Maternal and neonatal morbidity by differing LGA definitions overall
Overall, there were 37,843 (34.3%) deliveries complicated by 1 or more maternal delivery complications (severe perineal or cervical laceration, shoulder dystocia, cesarean delivery, or postpartum hemorrhage), 24,364 (22.1%) deliveries with 1 or more neonatal complications (hypoglycemia, respiratory problems, jaundice, low Apgar, NICU admission, or perinatal mortality), resulting in a total of 51,105 (46.3%) deliveries having at least 1 complication.
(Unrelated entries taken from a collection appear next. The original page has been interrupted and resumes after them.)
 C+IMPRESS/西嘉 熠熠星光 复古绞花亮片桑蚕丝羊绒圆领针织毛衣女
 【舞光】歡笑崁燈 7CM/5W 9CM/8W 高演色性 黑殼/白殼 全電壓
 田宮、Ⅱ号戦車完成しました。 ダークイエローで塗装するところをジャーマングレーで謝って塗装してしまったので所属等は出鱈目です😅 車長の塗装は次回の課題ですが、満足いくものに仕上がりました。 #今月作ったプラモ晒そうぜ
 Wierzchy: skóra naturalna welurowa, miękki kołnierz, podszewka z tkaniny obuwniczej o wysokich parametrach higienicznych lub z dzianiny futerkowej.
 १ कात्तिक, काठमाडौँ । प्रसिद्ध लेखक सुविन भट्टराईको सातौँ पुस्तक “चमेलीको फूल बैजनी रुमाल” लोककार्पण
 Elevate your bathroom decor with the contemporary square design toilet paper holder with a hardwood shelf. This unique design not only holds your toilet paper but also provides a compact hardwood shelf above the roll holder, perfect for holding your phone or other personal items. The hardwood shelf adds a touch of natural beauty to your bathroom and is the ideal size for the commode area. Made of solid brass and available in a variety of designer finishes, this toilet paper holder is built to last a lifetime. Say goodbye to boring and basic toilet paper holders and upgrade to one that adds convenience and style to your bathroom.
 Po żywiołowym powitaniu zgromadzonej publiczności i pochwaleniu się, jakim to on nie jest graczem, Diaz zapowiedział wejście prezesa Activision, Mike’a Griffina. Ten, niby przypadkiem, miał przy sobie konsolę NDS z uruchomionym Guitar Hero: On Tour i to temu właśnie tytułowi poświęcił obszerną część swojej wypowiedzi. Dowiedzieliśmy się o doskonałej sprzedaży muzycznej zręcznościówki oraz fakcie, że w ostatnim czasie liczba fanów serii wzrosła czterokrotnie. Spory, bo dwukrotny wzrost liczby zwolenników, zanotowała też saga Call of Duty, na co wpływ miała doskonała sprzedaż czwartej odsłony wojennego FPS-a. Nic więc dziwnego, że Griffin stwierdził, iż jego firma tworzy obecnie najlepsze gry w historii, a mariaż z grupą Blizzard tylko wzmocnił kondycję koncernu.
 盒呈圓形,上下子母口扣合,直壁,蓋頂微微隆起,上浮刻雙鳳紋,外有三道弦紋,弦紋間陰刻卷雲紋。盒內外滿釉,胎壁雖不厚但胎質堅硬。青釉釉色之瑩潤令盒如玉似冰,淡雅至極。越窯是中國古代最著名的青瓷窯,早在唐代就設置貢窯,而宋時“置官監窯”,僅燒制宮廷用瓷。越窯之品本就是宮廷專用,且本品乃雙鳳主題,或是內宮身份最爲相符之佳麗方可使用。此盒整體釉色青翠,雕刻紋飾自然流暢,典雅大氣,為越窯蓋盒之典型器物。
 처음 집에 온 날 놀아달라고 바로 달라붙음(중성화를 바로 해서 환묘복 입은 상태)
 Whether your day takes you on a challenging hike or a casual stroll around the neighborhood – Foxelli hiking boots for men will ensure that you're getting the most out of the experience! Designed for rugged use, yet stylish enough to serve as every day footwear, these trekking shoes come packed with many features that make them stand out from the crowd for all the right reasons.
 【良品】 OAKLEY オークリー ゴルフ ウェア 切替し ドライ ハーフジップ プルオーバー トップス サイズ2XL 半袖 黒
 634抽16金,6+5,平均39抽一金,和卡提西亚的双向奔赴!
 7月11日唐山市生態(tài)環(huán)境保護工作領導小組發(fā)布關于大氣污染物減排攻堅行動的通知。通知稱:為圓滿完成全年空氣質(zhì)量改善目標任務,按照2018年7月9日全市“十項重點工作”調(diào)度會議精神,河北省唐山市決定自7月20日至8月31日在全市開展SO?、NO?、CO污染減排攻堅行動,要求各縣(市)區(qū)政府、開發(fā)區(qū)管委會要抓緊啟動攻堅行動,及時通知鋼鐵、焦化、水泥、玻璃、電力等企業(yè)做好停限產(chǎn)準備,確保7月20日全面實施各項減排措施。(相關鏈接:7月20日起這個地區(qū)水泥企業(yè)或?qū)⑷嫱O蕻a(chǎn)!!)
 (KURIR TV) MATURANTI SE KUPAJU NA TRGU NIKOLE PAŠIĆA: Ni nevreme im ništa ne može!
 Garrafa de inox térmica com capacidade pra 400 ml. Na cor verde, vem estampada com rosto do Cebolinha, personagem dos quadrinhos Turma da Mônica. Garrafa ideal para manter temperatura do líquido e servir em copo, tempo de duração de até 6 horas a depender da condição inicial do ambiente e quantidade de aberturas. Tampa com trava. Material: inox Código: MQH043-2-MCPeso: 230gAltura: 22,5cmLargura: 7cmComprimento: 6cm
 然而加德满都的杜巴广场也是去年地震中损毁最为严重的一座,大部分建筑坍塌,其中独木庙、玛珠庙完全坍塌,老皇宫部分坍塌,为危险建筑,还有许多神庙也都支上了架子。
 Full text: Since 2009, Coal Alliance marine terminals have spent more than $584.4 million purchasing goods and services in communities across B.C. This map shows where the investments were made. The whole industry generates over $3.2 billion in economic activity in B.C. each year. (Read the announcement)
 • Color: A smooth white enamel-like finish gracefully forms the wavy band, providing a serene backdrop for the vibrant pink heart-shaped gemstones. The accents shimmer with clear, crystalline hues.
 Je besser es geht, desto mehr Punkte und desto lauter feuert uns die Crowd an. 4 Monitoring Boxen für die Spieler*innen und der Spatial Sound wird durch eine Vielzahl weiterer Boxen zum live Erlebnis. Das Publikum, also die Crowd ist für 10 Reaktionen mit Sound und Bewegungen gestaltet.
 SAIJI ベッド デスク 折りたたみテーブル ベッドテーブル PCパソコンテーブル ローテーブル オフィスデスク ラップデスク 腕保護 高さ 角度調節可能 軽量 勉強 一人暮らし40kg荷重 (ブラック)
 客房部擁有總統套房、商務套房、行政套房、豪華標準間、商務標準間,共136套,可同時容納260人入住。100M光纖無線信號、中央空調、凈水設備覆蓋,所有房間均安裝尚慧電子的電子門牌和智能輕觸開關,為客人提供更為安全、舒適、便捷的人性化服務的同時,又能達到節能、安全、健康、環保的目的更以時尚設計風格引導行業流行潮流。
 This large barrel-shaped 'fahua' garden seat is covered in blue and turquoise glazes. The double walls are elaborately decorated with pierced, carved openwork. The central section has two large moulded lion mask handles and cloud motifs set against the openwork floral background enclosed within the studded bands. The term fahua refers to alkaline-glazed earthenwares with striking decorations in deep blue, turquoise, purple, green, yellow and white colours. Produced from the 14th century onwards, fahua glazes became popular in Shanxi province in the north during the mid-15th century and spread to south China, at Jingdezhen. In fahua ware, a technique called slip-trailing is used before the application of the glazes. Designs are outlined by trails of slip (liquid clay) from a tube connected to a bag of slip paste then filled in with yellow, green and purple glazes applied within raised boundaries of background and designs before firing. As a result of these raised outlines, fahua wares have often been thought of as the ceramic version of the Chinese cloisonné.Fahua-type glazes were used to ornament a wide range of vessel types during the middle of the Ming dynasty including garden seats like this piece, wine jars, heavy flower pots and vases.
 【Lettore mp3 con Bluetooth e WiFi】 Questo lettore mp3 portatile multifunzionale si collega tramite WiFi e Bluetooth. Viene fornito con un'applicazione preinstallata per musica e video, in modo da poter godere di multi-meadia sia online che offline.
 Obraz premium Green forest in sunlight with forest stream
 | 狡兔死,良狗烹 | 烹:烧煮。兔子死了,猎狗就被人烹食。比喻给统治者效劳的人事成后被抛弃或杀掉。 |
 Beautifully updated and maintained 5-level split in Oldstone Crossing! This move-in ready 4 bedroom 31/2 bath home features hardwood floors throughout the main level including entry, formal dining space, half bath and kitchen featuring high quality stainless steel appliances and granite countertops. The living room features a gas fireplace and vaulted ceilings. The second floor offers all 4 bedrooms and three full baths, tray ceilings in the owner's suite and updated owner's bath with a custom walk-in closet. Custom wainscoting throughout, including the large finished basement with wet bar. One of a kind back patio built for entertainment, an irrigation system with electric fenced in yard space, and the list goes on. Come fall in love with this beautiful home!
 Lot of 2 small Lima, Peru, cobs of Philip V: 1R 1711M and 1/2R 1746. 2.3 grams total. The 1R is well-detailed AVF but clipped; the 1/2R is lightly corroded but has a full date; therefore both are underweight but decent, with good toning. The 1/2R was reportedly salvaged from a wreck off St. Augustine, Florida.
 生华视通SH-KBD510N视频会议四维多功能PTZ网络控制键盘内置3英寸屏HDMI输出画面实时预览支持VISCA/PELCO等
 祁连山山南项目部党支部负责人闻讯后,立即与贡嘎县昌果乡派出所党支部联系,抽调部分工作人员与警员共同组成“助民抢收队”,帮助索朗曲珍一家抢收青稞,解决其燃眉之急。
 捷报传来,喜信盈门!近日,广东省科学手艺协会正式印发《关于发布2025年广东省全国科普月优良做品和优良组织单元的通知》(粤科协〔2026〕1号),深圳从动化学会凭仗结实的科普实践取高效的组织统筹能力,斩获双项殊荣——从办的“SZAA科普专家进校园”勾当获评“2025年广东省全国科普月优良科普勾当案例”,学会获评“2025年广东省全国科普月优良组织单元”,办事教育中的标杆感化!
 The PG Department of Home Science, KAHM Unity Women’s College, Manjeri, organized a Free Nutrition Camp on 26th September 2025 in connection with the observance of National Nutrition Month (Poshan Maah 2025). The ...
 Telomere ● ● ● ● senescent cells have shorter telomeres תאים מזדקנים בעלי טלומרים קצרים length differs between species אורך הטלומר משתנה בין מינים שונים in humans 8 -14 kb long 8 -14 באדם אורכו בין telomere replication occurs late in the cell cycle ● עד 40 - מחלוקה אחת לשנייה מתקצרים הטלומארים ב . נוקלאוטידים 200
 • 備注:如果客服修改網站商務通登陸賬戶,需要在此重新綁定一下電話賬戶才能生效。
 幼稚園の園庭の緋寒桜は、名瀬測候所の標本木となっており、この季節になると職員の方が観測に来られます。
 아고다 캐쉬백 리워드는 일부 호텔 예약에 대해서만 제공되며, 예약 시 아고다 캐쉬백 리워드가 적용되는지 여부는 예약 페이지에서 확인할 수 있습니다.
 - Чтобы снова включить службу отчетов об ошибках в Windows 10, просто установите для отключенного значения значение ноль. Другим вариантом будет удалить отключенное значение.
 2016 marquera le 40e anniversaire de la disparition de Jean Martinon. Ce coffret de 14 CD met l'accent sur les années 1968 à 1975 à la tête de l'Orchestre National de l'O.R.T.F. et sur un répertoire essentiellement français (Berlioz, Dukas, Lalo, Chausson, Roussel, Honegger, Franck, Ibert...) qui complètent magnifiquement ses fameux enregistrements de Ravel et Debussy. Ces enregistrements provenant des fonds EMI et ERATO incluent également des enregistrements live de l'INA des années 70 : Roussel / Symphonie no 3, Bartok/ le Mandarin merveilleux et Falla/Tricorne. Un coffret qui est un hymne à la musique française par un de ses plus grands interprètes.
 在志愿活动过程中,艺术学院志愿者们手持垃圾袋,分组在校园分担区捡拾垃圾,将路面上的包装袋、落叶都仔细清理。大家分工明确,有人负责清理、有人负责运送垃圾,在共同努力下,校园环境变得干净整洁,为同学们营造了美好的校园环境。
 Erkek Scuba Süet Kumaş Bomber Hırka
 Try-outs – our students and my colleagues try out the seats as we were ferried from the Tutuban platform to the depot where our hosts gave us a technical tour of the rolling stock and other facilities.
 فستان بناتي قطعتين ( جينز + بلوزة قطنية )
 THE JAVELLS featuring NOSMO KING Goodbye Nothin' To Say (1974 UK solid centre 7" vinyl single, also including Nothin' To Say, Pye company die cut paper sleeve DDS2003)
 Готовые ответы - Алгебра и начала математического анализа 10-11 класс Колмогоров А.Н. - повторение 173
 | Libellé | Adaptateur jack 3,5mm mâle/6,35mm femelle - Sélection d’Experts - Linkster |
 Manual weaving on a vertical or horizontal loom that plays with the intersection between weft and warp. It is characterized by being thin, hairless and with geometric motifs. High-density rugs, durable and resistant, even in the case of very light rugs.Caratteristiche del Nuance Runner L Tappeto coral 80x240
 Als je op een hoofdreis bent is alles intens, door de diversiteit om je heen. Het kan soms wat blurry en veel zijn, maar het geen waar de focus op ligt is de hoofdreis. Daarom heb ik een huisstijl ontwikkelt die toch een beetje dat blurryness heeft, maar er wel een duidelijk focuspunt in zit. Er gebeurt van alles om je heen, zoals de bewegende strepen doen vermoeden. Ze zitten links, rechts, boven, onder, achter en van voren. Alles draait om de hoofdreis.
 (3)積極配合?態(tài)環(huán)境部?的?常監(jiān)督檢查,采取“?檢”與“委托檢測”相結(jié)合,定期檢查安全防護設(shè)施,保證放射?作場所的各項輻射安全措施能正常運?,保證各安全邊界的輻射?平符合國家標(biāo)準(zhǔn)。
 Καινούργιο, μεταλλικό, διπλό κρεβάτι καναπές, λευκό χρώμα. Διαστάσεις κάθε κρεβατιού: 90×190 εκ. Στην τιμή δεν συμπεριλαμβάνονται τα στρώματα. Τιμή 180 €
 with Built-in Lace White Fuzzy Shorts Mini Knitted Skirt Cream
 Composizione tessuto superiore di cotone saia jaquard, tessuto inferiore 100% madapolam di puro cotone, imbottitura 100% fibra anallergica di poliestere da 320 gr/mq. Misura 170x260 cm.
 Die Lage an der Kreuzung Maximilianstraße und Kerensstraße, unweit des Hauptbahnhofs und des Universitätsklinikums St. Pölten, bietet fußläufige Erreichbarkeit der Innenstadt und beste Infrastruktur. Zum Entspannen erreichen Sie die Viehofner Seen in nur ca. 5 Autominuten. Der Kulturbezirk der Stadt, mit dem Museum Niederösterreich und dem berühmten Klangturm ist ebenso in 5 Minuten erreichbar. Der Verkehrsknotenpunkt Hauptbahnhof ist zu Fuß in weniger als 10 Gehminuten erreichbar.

In comparison to LGA Pop , customized LGA (any method) identified births with generally higher rates (PPV) and odds of severe perineal and cervical lacerations, cesarean delivery, and shoulder dystocia, yet the sensitivity and c-statistic for these outcomes was overall similar across LGA methods and was generally lowest in LGA Gard ( Table 4 ). Differences in the rates and odds of neonatal morbidities were more attenuated, compared to maternal morbidities, among custom LGA definitions vs LGA Pop , with similar or greater PPV using custom methods, but often lower sensitivity than LGA Pop ( Table 5 ). However, all of the customized definitions of LGA detected a slightly higher rate of perinatal mortality compared with LGA Pop , as seen by increased PPV with odds ratio point estimates about 30% greater in LGA Gard and LGA CSLcust than LGA Pop . Yet, the odds of mortality among LGA by any definition was statistically nonsignificant (95% confidence intervals all including 1.0).